While these two suits highlight the chaotic and ludicrous nature of what Texas Republicans did in their zeal to ban abortions, far more significant is what the Supreme Court did in failing to enjoin the law from taking effect.

Our system of government created the judiciary as not only a third independent branch of government, but as the fail-safe for a democracy. The other two branches of government (executive and legislative) are governed by politics. Courts, by design, are governed by stare decisis (legal precedents) as opposed to politics.

Stare decisis binds courts to follow legal precedents established by previous decisions. On September 2, the Supreme Court, in a 5-4 vote, refused to follow its own legal precedents of Roe v. Wade and of Planned Parenthood of Central Missouri v. Danforth and enjoin Texas’s anti-abortion law from taking effect. This marked the Supreme Court’s transition from an institution of laws to one dominated by politics. The gravity of this transition cannot be overstated.

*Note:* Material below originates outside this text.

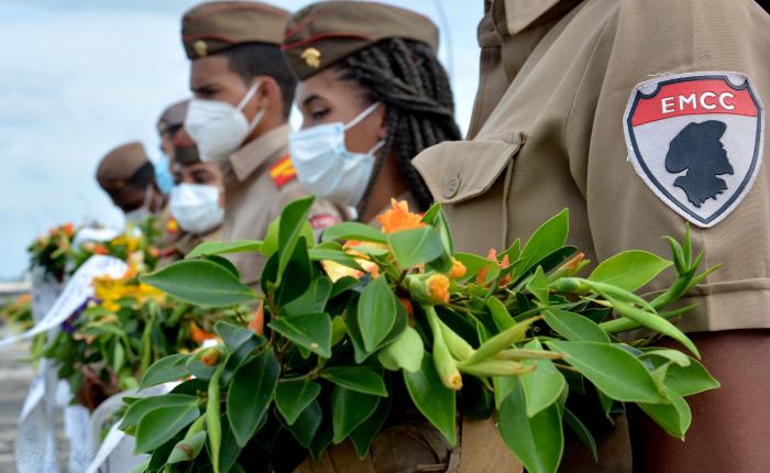 En la capital, en representación del pueblo cubano, miembros de las Fuerzas Armadas Revolucionarias, del Ministerio del Interior y de las organizaciones de masas del país, así como trabajadores y estudiantes de diferentes centros, acudieron este jueves al emblemático malecón habanero, con esas mismas flores que sobre el mar nos recuerdan el amor del pueblo a uno de sus héroes más carismáticos.

Roe is the law of the land. Unless it is overturned, all courts are bound by it. Unequivocally, it protects a pregnant woman’s right to choose to have an abortion without excessive government restrictions. In creating this right, the Supreme Court established a balancing test based on the three trimesters of pregnancy. During the first trimester (0-13 weeks), governments cannot prohibit abortions; during the second (14-26 weeks), governments can require reasonable health regulations; during the third trimester (27 to 40 weeks) abortions can be prohibited as long as the laws contain exception to save the life or health of the mother.

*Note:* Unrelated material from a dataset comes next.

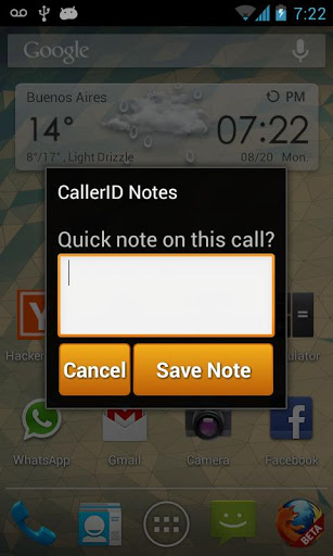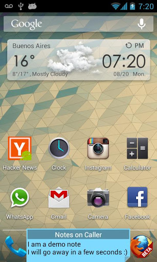 LIMITED TIME OFFER: PRO VERSION ONLY 0.99Add Postits to your contacts and have them show up when they callUse it for taking down personal notes or reminders, and avoid an awkward moment of not knowing where you know that person from Got some pending tasks on someone? Add a quick note as you39;ll be reminded of it when they call you.To see the true potential of this app, add a few notes and just wait until those people call you. Now imagine being able to do that for each and everyone of your contacts. NEW: This is a LITE Version This Lite version is offered as a way to try out the app before buying it. It comes with a few restrictions:1. A maximum of 5 notes allowed2. A maximum of 1 note per contact3. Cannot choose from different note styles. If you like this App, get the Full version with no restrictions Caller ID Notes PRO.There are a few apps that try to do the same but this one is unique in its own sense: You choose the information to be display add, remove and edit them as you wish The notes are beautifully designed to look like a Postit. The notes are not displayed on top of the details of the caller. The notes only take up the bare minimum space needed to show them. As soon as you take the call or cancel it, the notes disappear from the screen. It is completely unobtrusive. It DOES NOT waste any extra battery life. You can even close the app and the notes will still show up. How to use this App This is the easiest way to start using the app1. Open the app2. Click on quot;Add Notequot; button and choose a contact from your contact list3. Write your note or reminder and you39;re done.4. Relax, close the app if you want, and forget about it Next time that person calls, that note will pop up alongside the caller id screen.If you like the app, please rate us And if you think there39;s something missing from the app, remember to send us an email

The Texas law bans abortions during the first trimester (after six weeks) patently violating Roe. By creating the absurd vigilante enforcement system, it also ignores Planned Parenthood v. Danforth by transferring its obligation to enforce its law to private individuals. In Planned Parenthood, the Supreme Court struck down a Missouri law that transferred the power of enforcing its anti-abortion law to family members (spouses of married women and parents of minor women). The Supreme Court ruled that: “a state cannot delegate … a veto power [over the right to obtain an abortion] which the state itself is absolutely and totally prohibited from exercising during the first trimester of pregnancy.” This is exactly what Texas did by delegating the right to enforce its law to private individuals, regardless of being domiciled in Texas.

The Supreme Court’s ruling, allowing the Texas law to stand, was 5-4 against the High Court following its own precedents of Roe and Planned Parenthood. Under those precedents it should have enjoined the law pending a full adjudication through lower Texas courts. All three of President Trump’s anti-abortion appointees, Kavanaugh, Gorsuch, and Coney Barrett, voted with Justices Thomas and Alito. Their rationale expressed in a brief statement was: “[T]his order is not based on any conclusion about the constitutionality of Texas’s law … ” As Justices Bryer, Sotomayor, and Kagan pointed out in their dissent, it should have been because our legal system, i.e., stare decisis, required it.

Bryer, Sotomayor, and Kagan citing both Roe and Planned Parenthood said: ” A woman has a federal constitutional right to obtain an abortion during the first stage [trimester] … And, a state cannot delegate … a veto power [over the right to obtain an abortion] which the state itself is absolutely and totally prohibited from exercising during the first trimester of pregnancy.”

Chief Justice Roberts in his dissent said the law is “not only unusual, but unprecedented … [He correctly added] I would grant preliminary relief to preserve the status quo [Roe v Wade, and Planned Parenthood] before the law went into effect-so that the courts may consider whether a state can avoid responsibility for its laws … ” This was clearly what should have happened.

The chaos resulting from the Texas law is bizarre: doctors afraid to follow the law of the land (the Roe decision); women fleeing to other states seeking abortions, legal under the law of the land; and out of state vigilantes suing to invalidate the law. Elections have consequences. The integrity of the judiciary has become one of them.